Work instructions – Would you repeat word for word the lines of the listing that follows, from the one with "Fototapeta premium Roasted" up to and including the one with "猫たちが自由に歩き回るLDK", and leave out the images?

Data in this exercise –
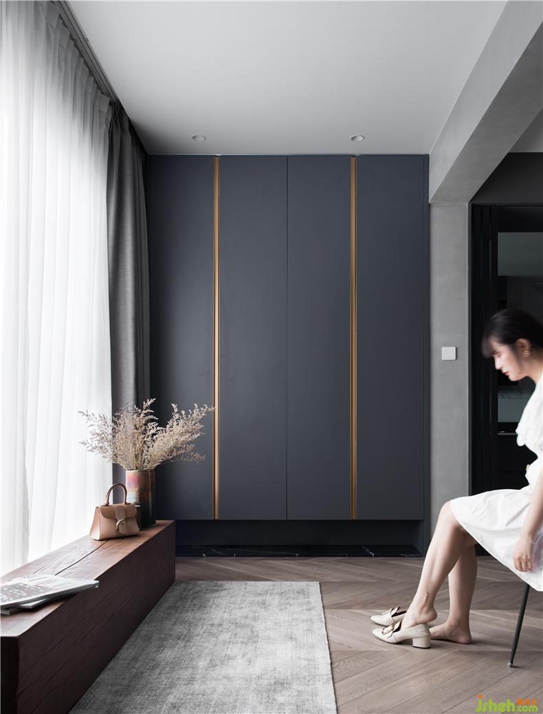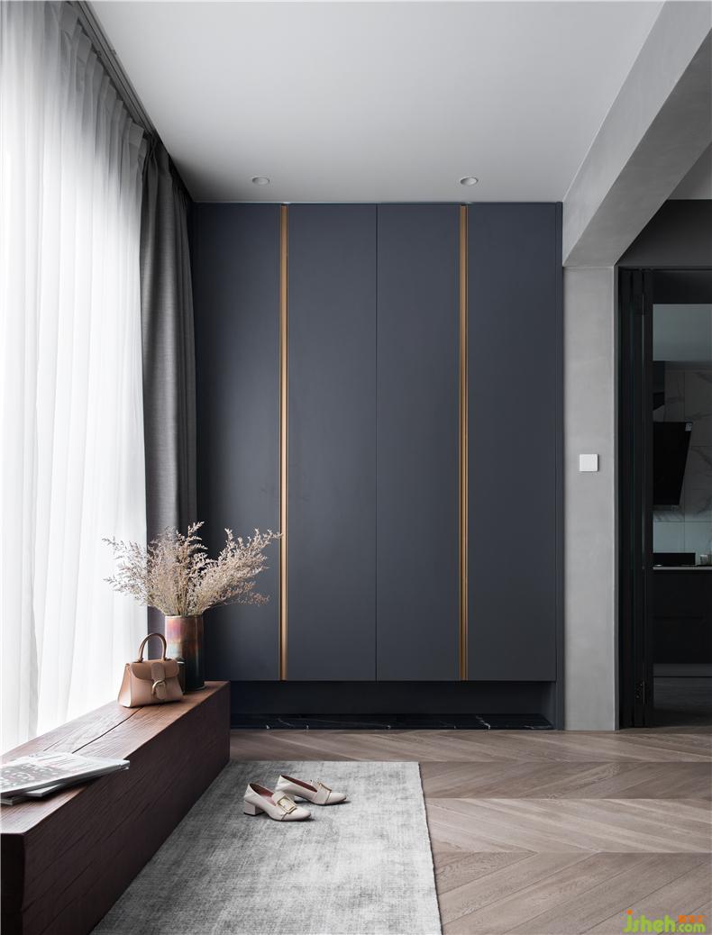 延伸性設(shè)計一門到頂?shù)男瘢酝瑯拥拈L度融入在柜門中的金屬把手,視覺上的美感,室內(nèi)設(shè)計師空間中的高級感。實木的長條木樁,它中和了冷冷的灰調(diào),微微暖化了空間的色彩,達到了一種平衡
--
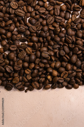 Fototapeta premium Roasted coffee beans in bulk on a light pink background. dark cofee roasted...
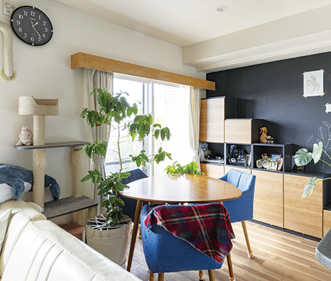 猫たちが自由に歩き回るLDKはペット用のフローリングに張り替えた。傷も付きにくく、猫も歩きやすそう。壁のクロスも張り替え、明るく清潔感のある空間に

Output –
 Fototapeta premium Roasted coffee beans in bulk on a light pink background. dark cofee roasted...
 猫たちが自由に歩き回るLDKはペット用のフローリングに張り替えた。傷も付きにくく、猫も歩きやすそう。壁のクロスも張り替え、明るく清潔感のある空間に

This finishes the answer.